In a ninth example, the processor further executes the program code to split the nested SQL queries into a plurality of individual queries when the SQL query is part of nested SQL queries and wherein the program code to consolidate the table names, the column names, and the function names of the plurality of parsers, further comprises program code to consolidate the table names, the column names, and the function names of the plurality of parsers of the individual queries.
In a tenth example, the program code to consolidate table names, column names, and function names of a plurality of parsers of the SQL query, further comprises program code to merge common table names, common column names, and common function names.

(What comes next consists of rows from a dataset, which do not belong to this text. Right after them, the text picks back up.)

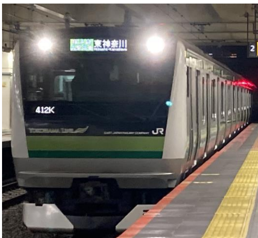
写真13 相模原駅で多摩線と接続する予定のJR横浜線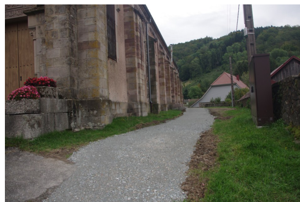
La rampe d'accès menant à la porte côté gauche.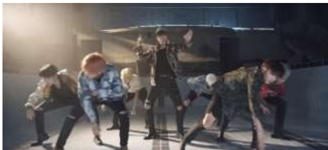
ภาพที่ 4.11 ทำเต็มแสดงตำแหน่งของเจโฮป-แรปและเด่นหลัก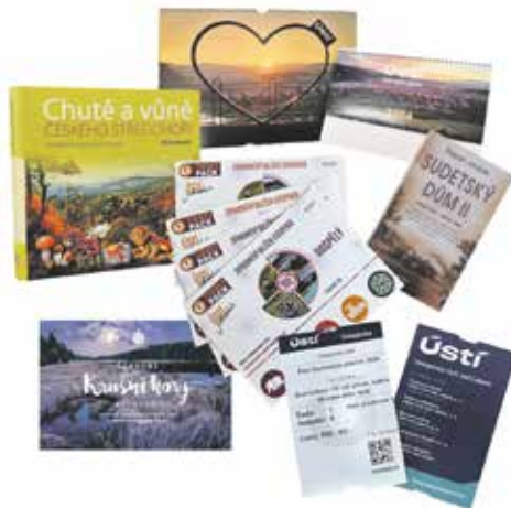
Praktickým dárkem bude také sada kalendářů na rok 2024. Nástěnný i čtrnáctidenní stolní

Chtěli byste darovat spíše zážitek? V infostředisku seženete vstupenky na většinu kulturních akcí konajících se v Severočeském divadle, Činoherním studiu či v Kulturním středisku města Ústí nad Labem.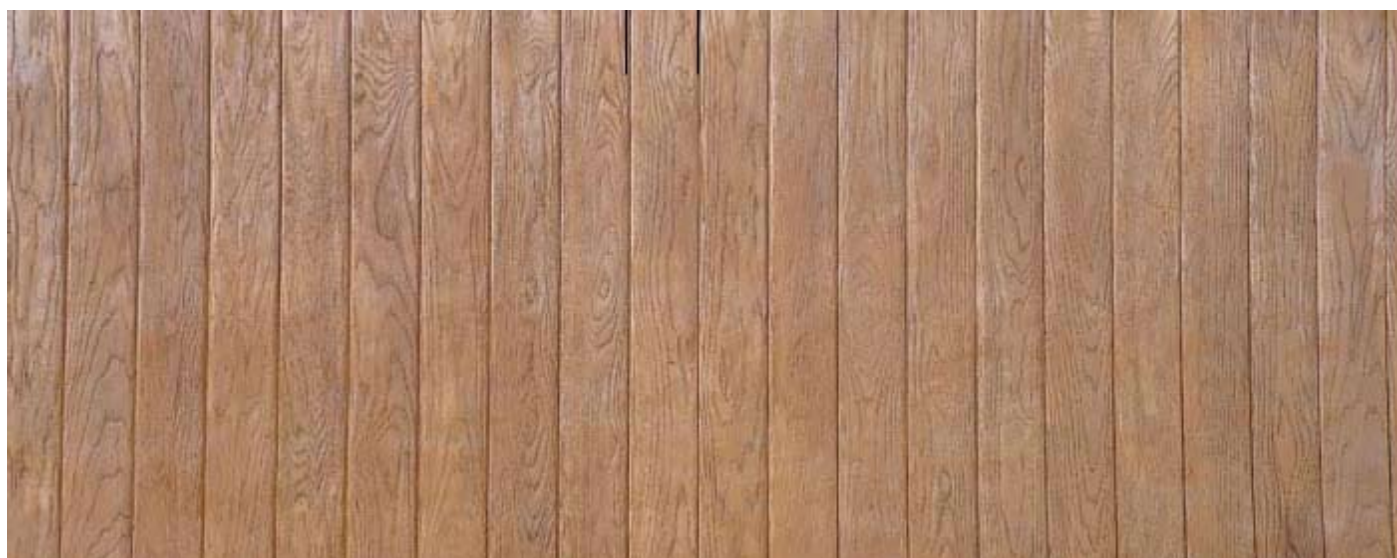
503 - Vertical wood board 3,32 x 1,32 m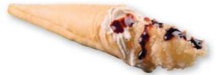
127 CONO EBITEN Lámina crujiente, camarones* en tempura, salsa teriyaki, cebollino, philadelphia € 3,00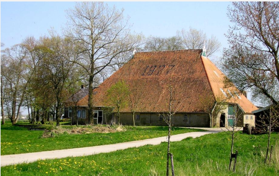
Walma State schuur 1877

Walma state is een kop romp boerderij. De boerderij heeft geen hals. Het voorhuis loopt door tot de schuur. Daardoor heeft de boerderij een grotere zolder. Walma state was een gemengd bedrijf. Bij de boerderij hoort in 1511 een stukje “saedland” van 6 pondenmaat. Het voorhuis is in 1906 herbouwd door Klaas Rollema en Baukje van der Goot.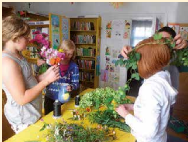
Inscenizacje – Dożynki, wicie wianków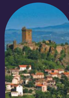
Édifices de pierres, pierres d'édifices.

Some embodiments may include the above-described methods being written as one or more software components. These components, and the functionality associated with each, may be used by client, server, distributed, or peer computer systems. These components may be written in a computer language corresponding to one or more programming languages such as, functional, declarative, procedural, object-oriented, lower level languages and the like. They may be linked to other components via various application programming interfaces and then compiled into one complete application for a server or a client. Alternatively, the components maybe implemented in server and client applications. Further, these components may be linked together via various distributed programming protocols. Some example embodiments may include remote procedure calls being used to implement one or more of these components across a distributed programming environment. For example, a logic level may reside on a first computer system that is remotely located from a second computer system containing an interface level (e.g., a graphical user interface). These first and second computer systems can be configured in a server-client, peer-to-peer, or some other configuration. The clients can vary in complexity from mobile and handheld devices, to thin clients and on to thick clients or even other servers.

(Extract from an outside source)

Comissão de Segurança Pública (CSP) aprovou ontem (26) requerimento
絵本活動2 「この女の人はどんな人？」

The above-illustrated software components are tangibly stored on a computer readable storage medium as instructions. The term “computer readable storage medium” should be taken to include a single medium or multiple media that stores one or more sets of instructions. The term “computer readable storage medium” should be taken to include any physical article that is capable of undergoing a set of physical changes to physically store, encode, or otherwise carry a set of instructions for execution by a computer system which causes the computer system to perform any of the methods or process steps described, represented, or illustrated herein. A computer readable storage medium may be a non-transitory computer readable storage medium. Examples of a non-transitory computer readable storage media include, but are not limited to: magnetic media, such as hard disks, floppy disks, and magnetic tape: optical media such as CD-ROMs, DVDs and holographic devices; magneto-optical media; and hardware devices that are specially configured to store and execute, such as application-specific integrated circuits (“ASICs”), programmable logic devices (“PLDs”) and ROM and RAM devices. Examples of computer readable instructions include machine code, such as produced by a compiler, and files containing higher-level code that are executed by a computer using an interpreter. For example, an embodiment may be implemented using Java, C++, or other object-oriented programming language and development tools. Another embodiment may be implemented in hard-wired circuitry in place of, or in combination with machine readable software instructions.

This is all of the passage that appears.